Table 1. Description
of file *.csv columns, with observations and limitations, to be used to generate labels by Module EtiqLF

The sample file distributed with the software (EXAMPLE.csv) was originally created in *.xlsx format and converted to *.csv, with column separation by semicolons. In the case of files generated with a comma as separator, these must be substituted by semicolons to ensure that the information is read and incorporated correctly by the system so as not to compromise label generation.

Once the labels were generated and distributed in the experimental area, software for field data collection can be used, e.g., the FieldBook system (Rife and Poland 2014Rife TW and Poland JA (2014) Field book: An open-source application for field data collection on android. Crop Science 54: 1624.), developed for mobile devices, freely available for both the Android and IOS platforms (Figure 2A). In order to use the barcode reading function of the program, the file with the experiment information that will be entered in the software must contain an identification column of each plot and the same information as the barcode (Location-Experiment-Plot), so that a given plot is localized efficiently (Figure 2B, COD field).

Figure 2.
Field data readout screen for trait E. turcicumspot in corn, through software Fieldbook (A) (Rife and Poland 2014Rife TW and Poland JA (2014) Field book: An open-source application for field data collection on android. Crop Science 54: 1624.) where the COD field shows the same data as the barcode (Location-Experiment-Plot) of the field label (B).

Data Capture Module (DataCapture)

The Module DataCapture displays registry control buttons (Insert and Delete) as well as the "Settings" button to establish a correct connection between the computer and the scale for later data transmission (Figure 3). A display stores the weight transmitted by the scale in continuous mode. Any change in the scale display will change the weight shown on the display of the software for storage in real time.

Figure 3
Main screen of module DataCapture.

If no configuration of the scale for continuous data transmission or equivalent denomination is available, the scale print button has to be pressed at each weighing so that the data is transmitted to the Module DataCapture. The scale manual or supplier must be consulted for the correct information.

The data of the experimental plot that appears in the barcode can be recorded together with the yield, through the use of an optical reader connected to the USB port of the computer.

Connection and data transmission between software and electronic scales

Data transmission is performed via RS232 (international standard), in which the data output of the scale is generally composed of a DB9 or DB25 male connector. As the connection specification between scales models may change, especially for the transmitter (Tx) and receiver (Rx) data pins, the user should consult the communication cable diagram at purchase or construction of the cable/connector for connection to personal computers.

In the RS-232 communication standard, data in ASCII format are sent one by one, using a binary (1 and 0) bitset system. The most commonly used encoding is an asynchronous start-stop type, which uses a start bit, followed by eight data bits (one parity bit), and one to two stop bits, in which case at least 10 bits are required to send a character.
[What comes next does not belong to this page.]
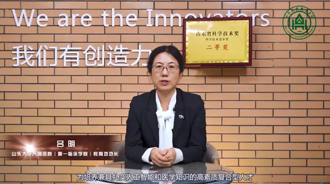 呂明介紹了智能醫(yī)學(xué)工程專業(yè)學(xué)科定位和人才培養(yǎng)的齊魯方案。呂明指出,智能醫(yī)學(xué)工程其強(qiáng)烈的專業(yè)特色即為醫(yī)工充分融合,基于人工智能方法解決臨床醫(yī)學(xué)問題。自2021年起,齊魯醫(yī)院主體承擔(dān)山東大學(xué)智能醫(yī)學(xué)工程專業(yè)的醫(yī)學(xué)模塊教學(xué)任務(wù),與教材編寫同步開展其醫(yī)學(xué)模塊的整合式課程建設(shè)。在頂層設(shè)計(jì)中,以崗位勝任力為導(dǎo)向,依托我院優(yōu)勢(shì)學(xué)科,著力提升課程高階性與創(chuàng)新性,增加挑戰(zhàn)度,實(shí)現(xiàn)知識(shí)能力素質(zhì)有機(jī)融合。建設(shè)過程中,聯(lián)合構(gòu)建了跨學(xué)科、跨學(xué)院、強(qiáng)交叉的教學(xué)團(tuán)隊(duì),實(shí)現(xiàn)醫(yī)教研協(xié)同,并將課程思政貫穿教學(xué)全過程。目前齊魯醫(yī)院已新建包括《急危重癥搶救》《臨床研究規(guī)范》等9門課程,并于2022年秋季學(xué)期首次開展了智醫(yī)專業(yè)的臨床實(shí)踐教學(xué),整個(gè)培養(yǎng)過程始終秉持“醫(yī)學(xué)牽引、工科支撐、轉(zhuǎn)化創(chuàng)新、臨床示范”理念,采取高起點(diǎn)、深融合、強(qiáng)特色、國際化人才培育模式。

For data reception by personal computers, it is important to note that there are almost no communication ports (models COM1 or COM 2, for example) on current computers, which are replaced by USB ports. In this case, the use of DB9 USB or DB25 USB connectors is required for data transmission.

When using this type of configuration, the operating systems do not immediately recognize the cable/connector, and it is necessary to create a virtual communication port through a specific driver (software responsible for the communication between the operating system and a certain hardware). In this case, a USB input is virtually recognized as a COM port (COM1, COM2, COM3, COM4, among others), allowing data transmission by RS-232. Thus, at the purchase of the connector it must be checked whether the manufacturer provides the installation driver tool. After connecting and recognizing the cable, the Module DataCapture identifies the virtual port that will be used for data transmission.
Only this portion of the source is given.